Dieses Buch allerdings hat mit den genannten gar nichts gemeinsam. Nach einem guten ersten Kapitel fällt die Geschichte und die Spannung ab. Dazu kommt der etwas merkwürdige, holprige Schreibstil des Autors. Sätze, die mit "Da" beginnen, gehören eher in Kinderbücher. In einem Thriller wirken sie hilflos und kindisch. "Da sprang Frantisek Sawatzki auf und rief in höchster Erregung ..." klingt nur lächerlich.

Obligatorisch und vorauszusehen ist die Liebesgeschichte, die wohl immer unbedingt dabei sein muß. Keiner der Protagonisten im Buch wird besonders sympathisch, die Dialoge sind teilweise fürchterlich ("Erhebe endlich Deinen Arsch und steh auf."), spannende Situationen Mangelware.

Der Schluß ist eine vor der Nase und fünf Minuten zu früh zugeschlagene Ladentür, wobei man dem Autor hier durchaus noch attestieren kann, auf den letzten Seiten so etwas wie ein Überraschungsmoment zu erzeugen - dafür der zweite Stern. Das Einzige, das an dem Buch nicht vorhersehbar war, wird auf drei Seiten lieblos abgehandelt. Der ganze Schluß wirkt hingetackert, als ob dem Leser jetzt noch schnell die Antworten auf offene Fragen eingebläut werden, wobei noch nicht mal das gelingt.
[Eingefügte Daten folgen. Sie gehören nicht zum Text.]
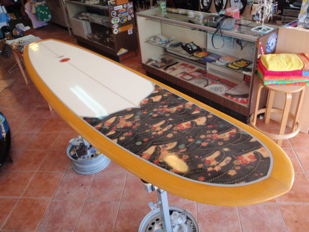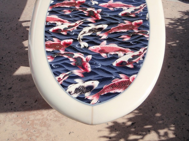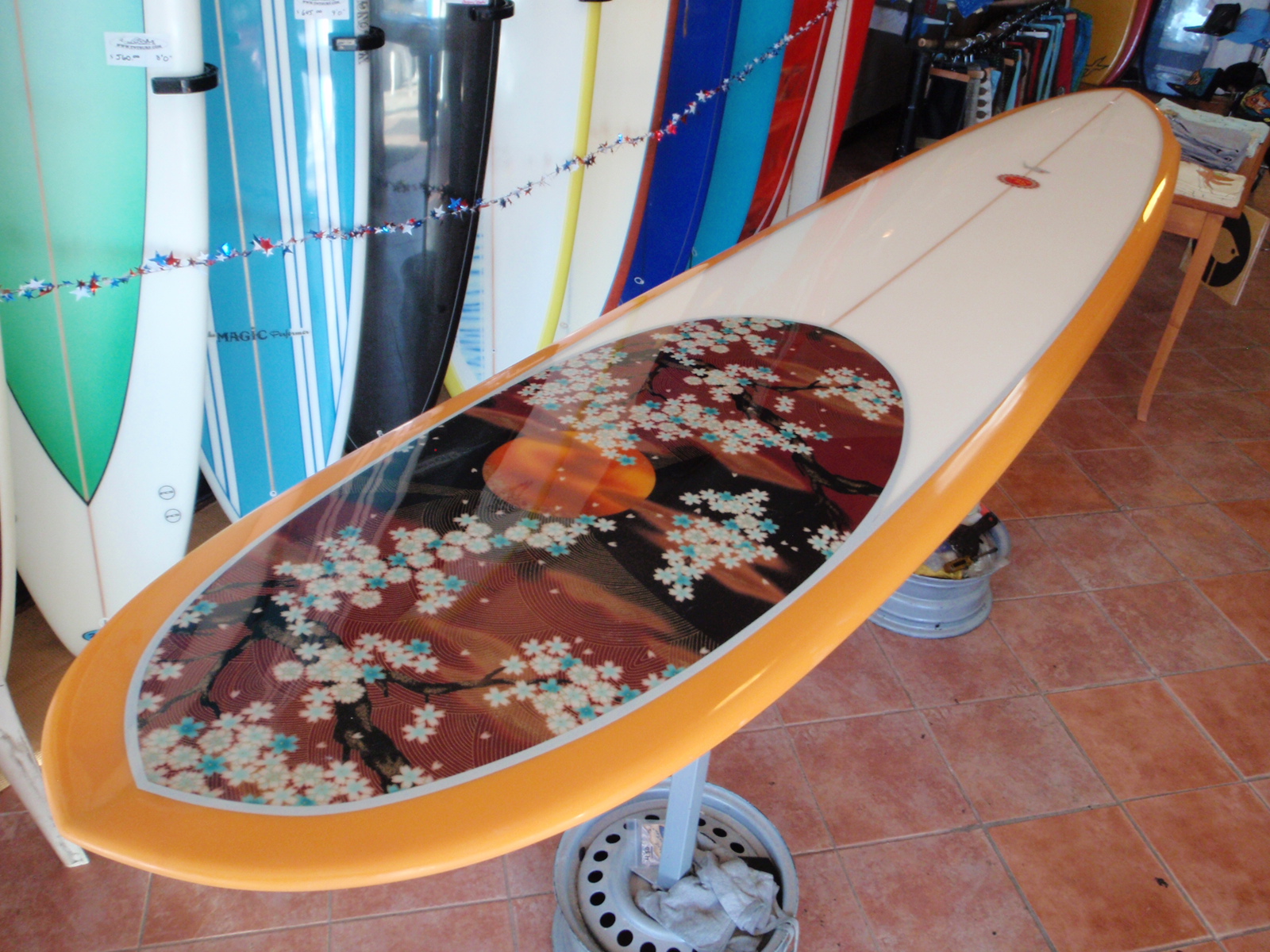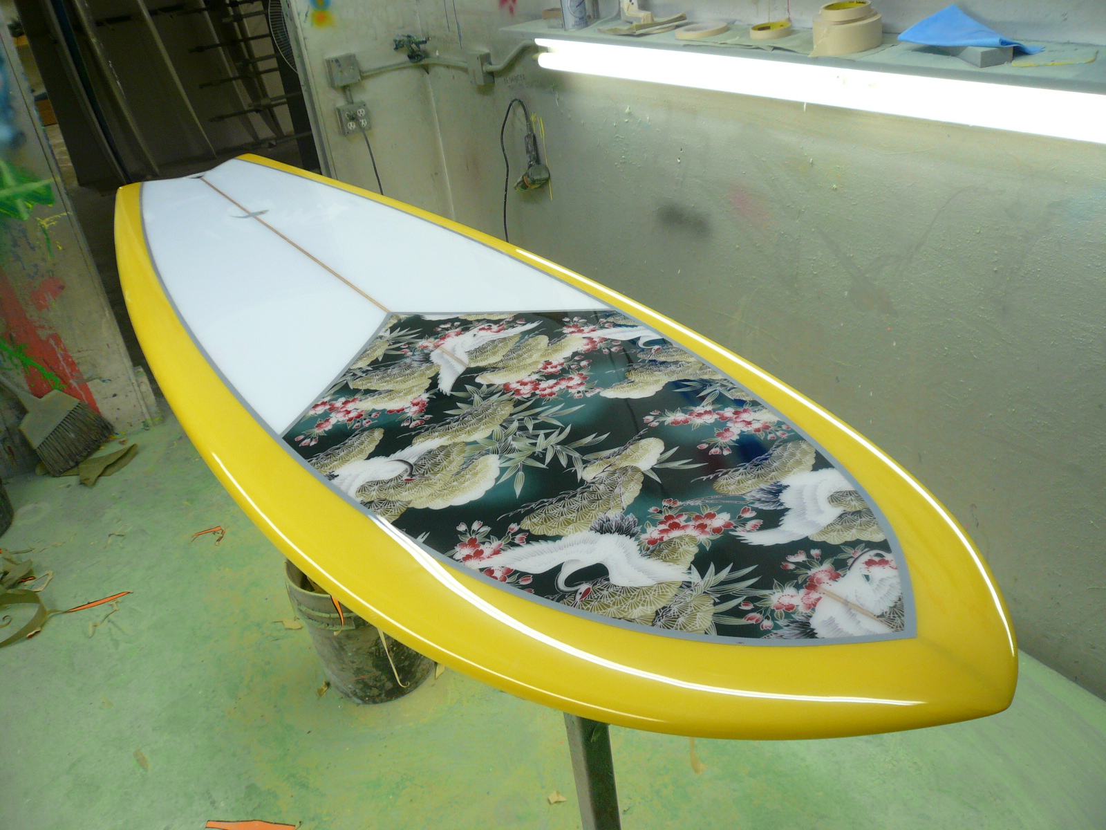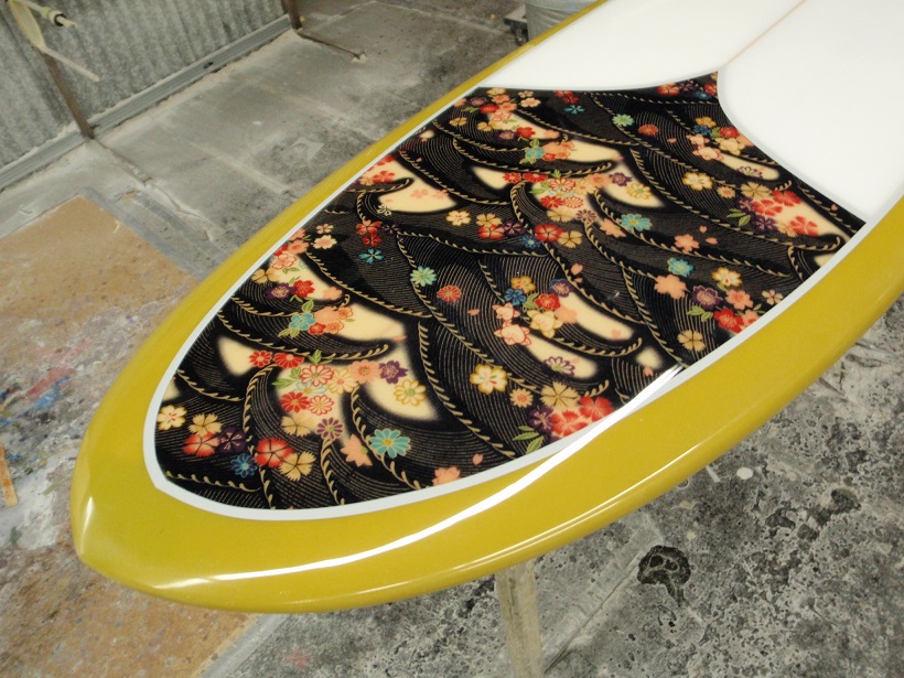 100年以上前、ハワイに移民した日系移民が持参した着物地をローカルの貝のボタンでシャツに仕上げたのがハワイアンシャツの起源とされています。サーフィン発祥の地であるハワイでローカルに愛されてきたシャツに使われた日本の伝統的なデザインである和柄を大胆にサーフボードに採用してみました。ビンテージで スタイリッシュなシェープとは抜群の相性です。ご自身のお気に入りの生地をサーブボードにあしらう事で本当の意味で世界に一本のオリジナルボードが完成します。詳細は是非お問い合わせください。

Der "Stern" betitelt Philipp Vandenberg auf der Rückseite des Umschlags als den deutschen Dan Brown. Vermutlich ist das eine Art Gegenleistung dafür, daß der Autor dieses Magazin im Buch äußerst positiv erwähnt. Korrekt wäre "Vandenberg ist beileibe nicht der deutsche Dan Brown. Da fehlt einiges.".

Richtig gelangweilt hat das Buch nicht. Aber wie so oft in letzter Zeit ein weiteres, das nicht wirklich Lust aufs Lesen machte.